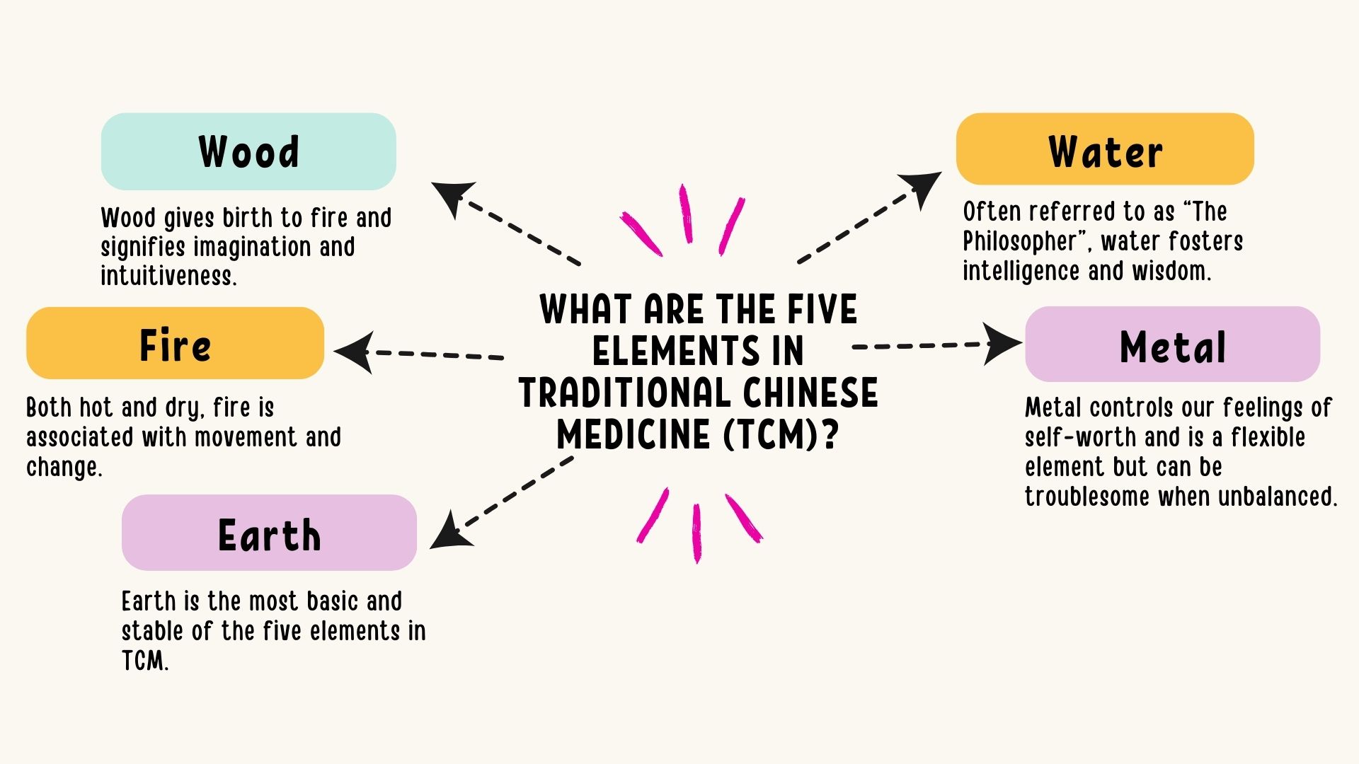 According to tradition, everything in the universe is based in Five Element Theory. We can use it to explain how we’re influenced by the world around us and how our internal body parts work in combination. The five elements in TCM are:
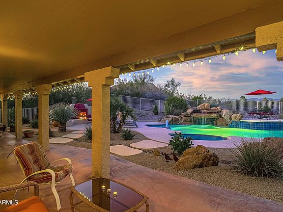 RESORT LIVING AND SO CLOSE TO EVERYTHING This Western Town Has to Offer! RESORT Means Restful Home, Patios Reflecting the Mountain View & Privacy. Covered Patios and Inviting Surrounding Lounging Pool Patios. A Heated Play Pool With Custom Designed Rock Waterfalls & Fountain. Wander Through The Lemon, Lime, Pomegranate, Peach and Fig Lined Paths. Stop to Reflect at the Fire Pit as The View is Ever Changing. Now it's Time to Return Home to the Outdoor Kitchen by The Pool. After Dinner Enjoy the Heated Spa as Sunset is Beckoning Against the Stunning Mountain Views. There is Room to Bring your Horse on this 1.6 Ac Property. Enjoy The 5 Bedroom, Or Four With a Convenient Office Room. 2.5 Baths, 2 1/2 Garage. A Car/RV Port & Room for More Parking. Two New Hot Water Tanks, SOON New AC/HEAT
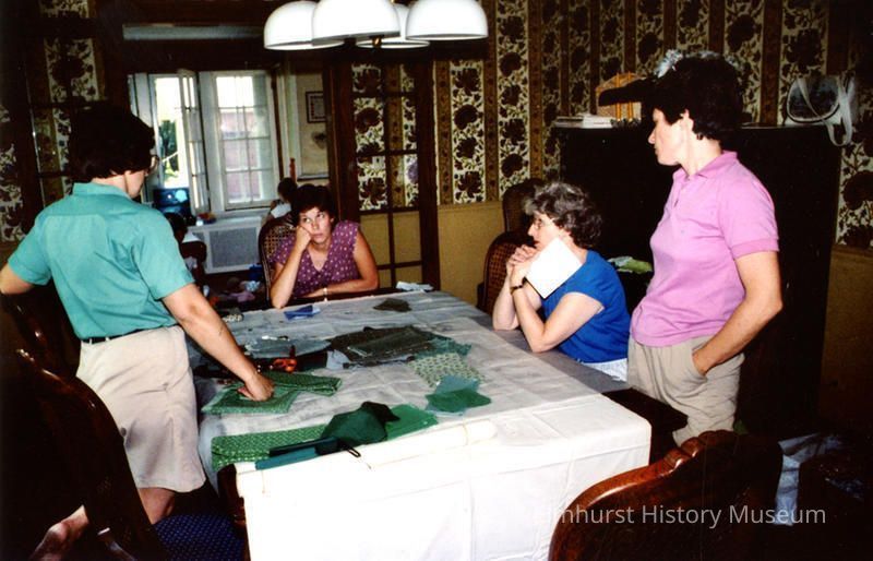 Piecemaker members collaborating on the Elmhurst Sesquicentennial Quilt that the organization created. Mary Conley is on the right and Kathy Smith is on the leftPhotograph Details
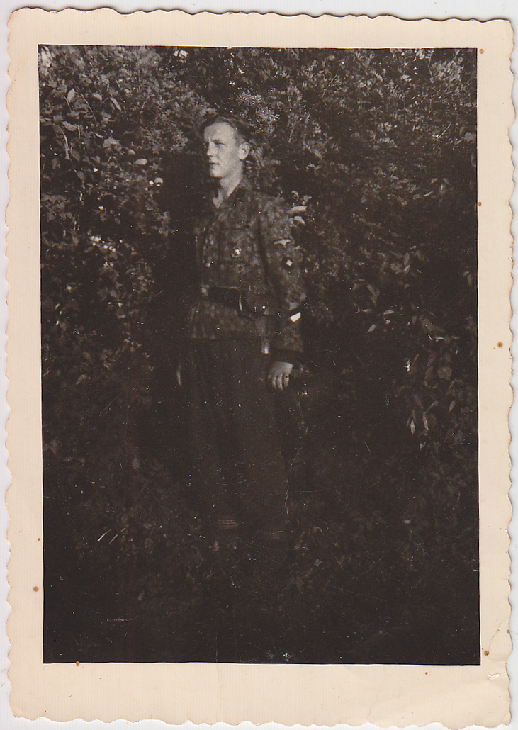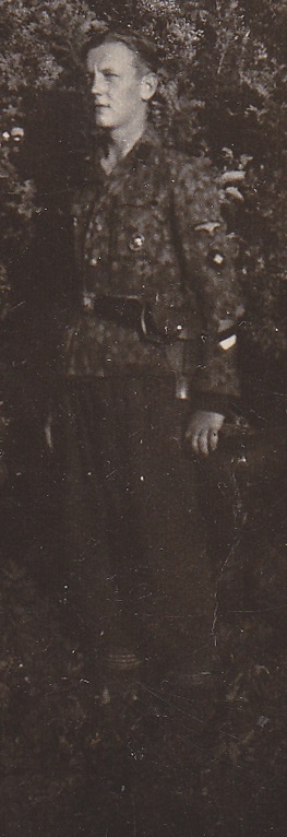 Pildistatud 1944. aasta suvel, auastmelt SS Oberschütze, mis on selline kummaline reamehe ja kaprali vahele jääv auaste. Teenistuskoht enam-vähem kindlasti 20. Eesti SS diviis. Vasakul rinnataskul on must haavatumärk.
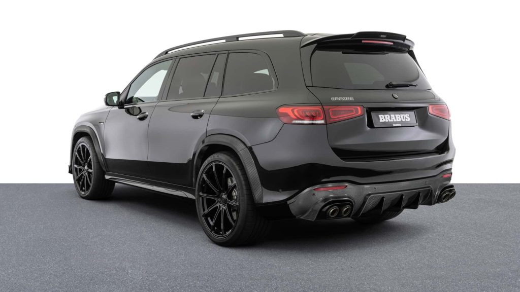 A empresa também ajusta a aparência do GLS. As entradas de ar têm acabamento em fibra de carbono e há um painel frontal mais agressivo. O utilitário esportivo anda sobre rodas Monoblock Z de 24 polegadas na cor preta que combina com a carroceria do veículo. O acabamento Shadow Grey substitui os elementos cromados no modelo padrão.
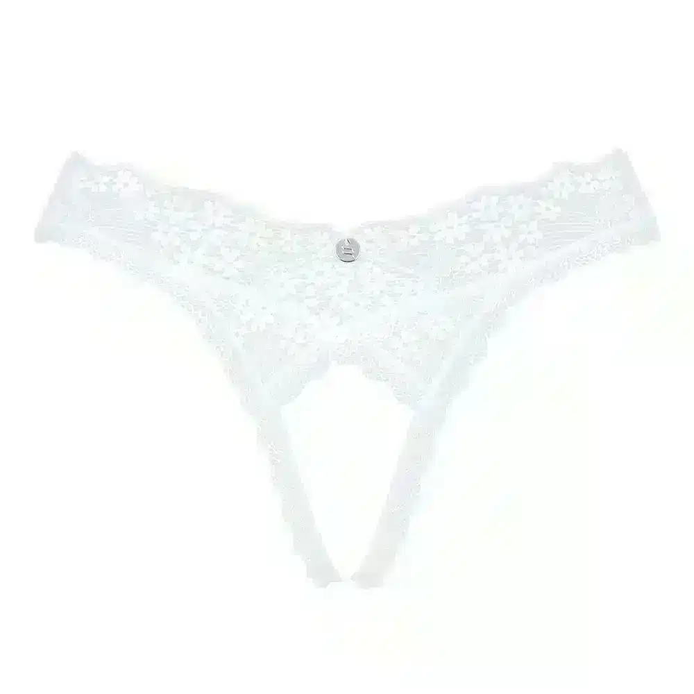 Rugalmas, csipkés anyag, kisebb részt puha tüll kombinációjából készült, az intim résznél nyitott tanga.

######

Pictures must be left out when the records are transcribed exactly.

 According to tradition, everything in the universe is based in Five Element Theory. We can use it to explain how we’re influenced by the world around us and how our internal body parts work in combination. The five elements in TCM are:
 RESORT LIVING AND SO CLOSE TO EVERYTHING This Western Town Has to Offer! RESORT Means Restful Home, Patios Reflecting the Mountain View & Privacy. Covered Patios and Inviting Surrounding Lounging Pool Patios. A Heated Play Pool With Custom Designed Rock Waterfalls & Fountain. Wander Through The Lemon, Lime, Pomegranate, Peach and Fig Lined Paths. Stop to Reflect at the Fire Pit as The View is Ever Changing. Now it's Time to Return Home to the Outdoor Kitchen by The Pool. After Dinner Enjoy the Heated Spa as Sunset is Beckoning Against the Stunning Mountain Views. There is Room to Bring your Horse on this 1.6 Ac Property. Enjoy The 5 Bedroom, Or Four With a Convenient Office Room. 2.5 Baths, 2 1/2 Garage. A Car/RV Port & Room for More Parking. Two New Hot Water Tanks, SOON New AC/HEAT
 Piecemaker members collaborating on the Elmhurst Sesquicentennial Quilt that the organization created. Mary Conley is on the right and Kathy Smith is on the leftPhotograph Details
 Pildistatud 1944. aasta suvel, auastmelt SS Oberschütze, mis on selline kummaline reamehe ja kaprali vahele jääv auaste. Teenistuskoht enam-vähem kindlasti 20. Eesti SS diviis. Vasakul rinnataskul on must haavatumärk.
 A empresa também ajusta a aparência do GLS. As entradas de ar têm acabamento em fibra de carbono e há um painel frontal mais agressivo. O utilitário esportivo anda sobre rodas Monoblock Z de 24 polegadas na cor preta que combina com a carroceria do veículo. O acabamento Shadow Grey substitui os elementos cromados no modelo padrão.
 Rugalmas, csipkés anyag, kisebb részt puha tüll kombinációjából készült, az intim résznél nyitott tanga.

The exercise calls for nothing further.